● **WHAT THE TASK REQUIRES**:
The output must match the lines from the first line of the listing below through the line holding "On Feb. 5, the" exactly and must contain no pictures.

● **DATASET EXTRACT**:

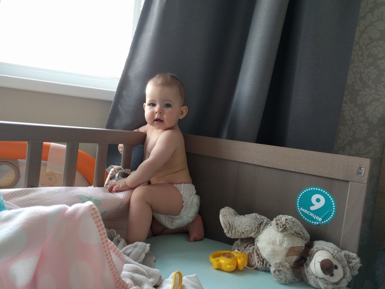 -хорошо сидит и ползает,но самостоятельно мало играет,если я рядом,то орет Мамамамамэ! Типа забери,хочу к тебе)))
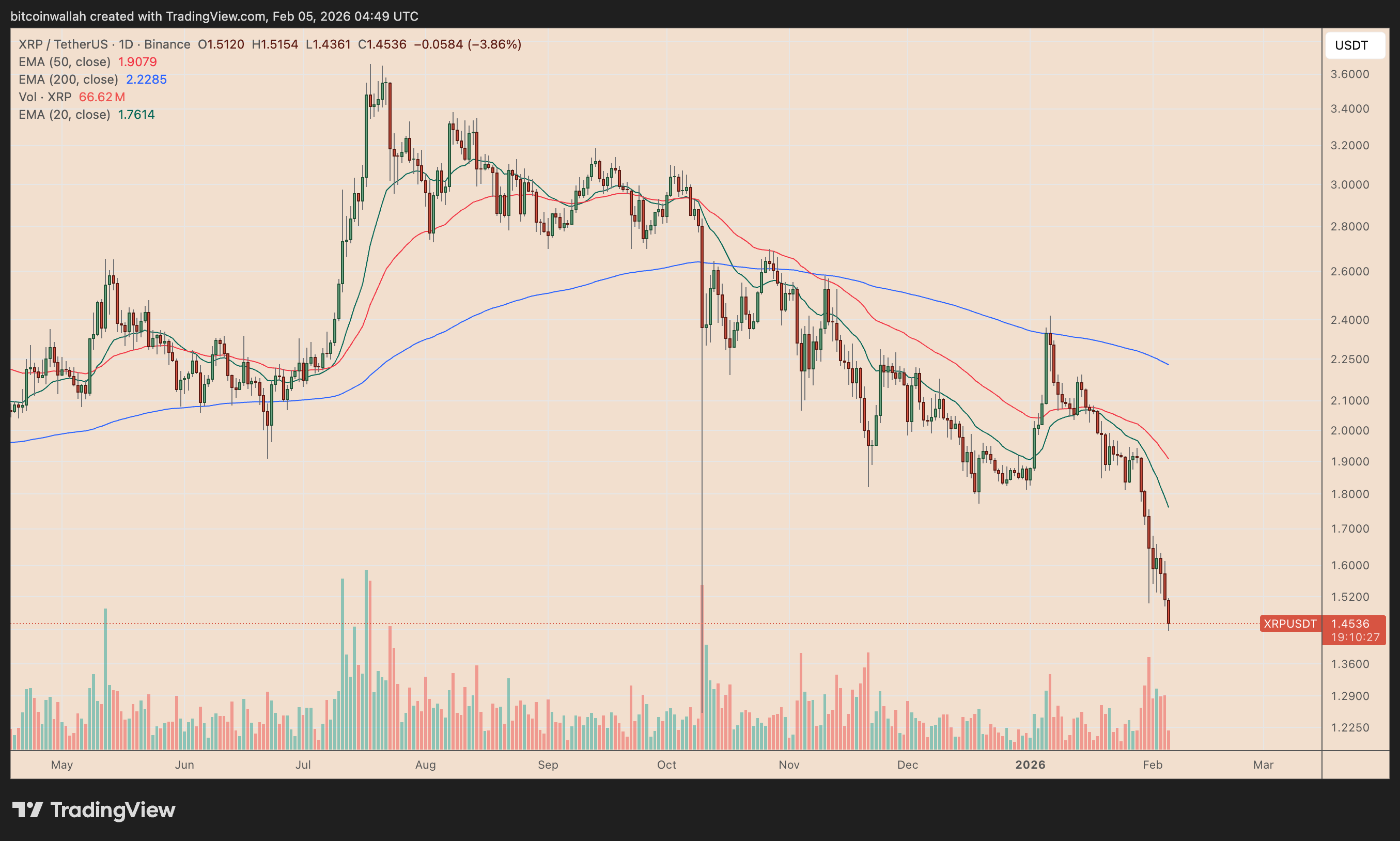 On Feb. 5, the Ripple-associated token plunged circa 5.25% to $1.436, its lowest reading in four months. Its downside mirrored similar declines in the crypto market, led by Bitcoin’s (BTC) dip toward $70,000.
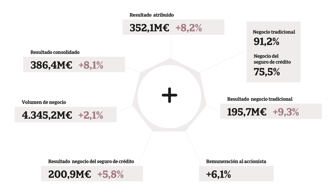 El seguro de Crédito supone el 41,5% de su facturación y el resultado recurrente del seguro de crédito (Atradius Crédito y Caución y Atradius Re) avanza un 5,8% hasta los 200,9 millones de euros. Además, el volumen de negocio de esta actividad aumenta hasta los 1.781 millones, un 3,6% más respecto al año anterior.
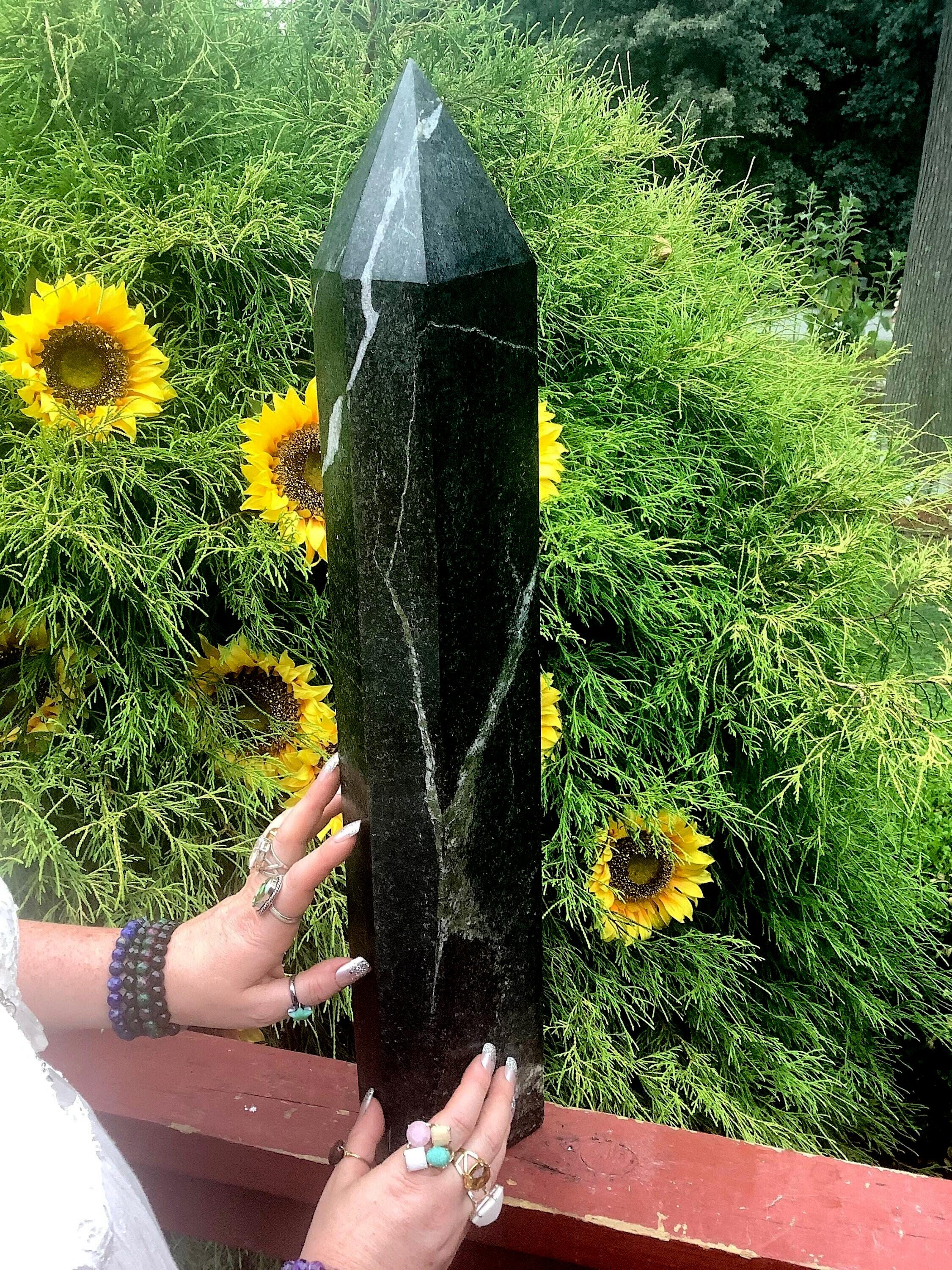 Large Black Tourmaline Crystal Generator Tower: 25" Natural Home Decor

● **REPLY TO THE EXERCISE**:
 -хорошо сидит и ползает,но самостоятельно мало играет,если я рядом,то орет Мамамамамэ! Типа забери,хочу к тебе)))
 On Feb. 5, the Ripple-associated token plunged circa 5.25% to $1.436, its lowest reading in four months. Its downside mirrored similar declines in the crypto market, led by Bitcoin’s (BTC) dip toward $70,000.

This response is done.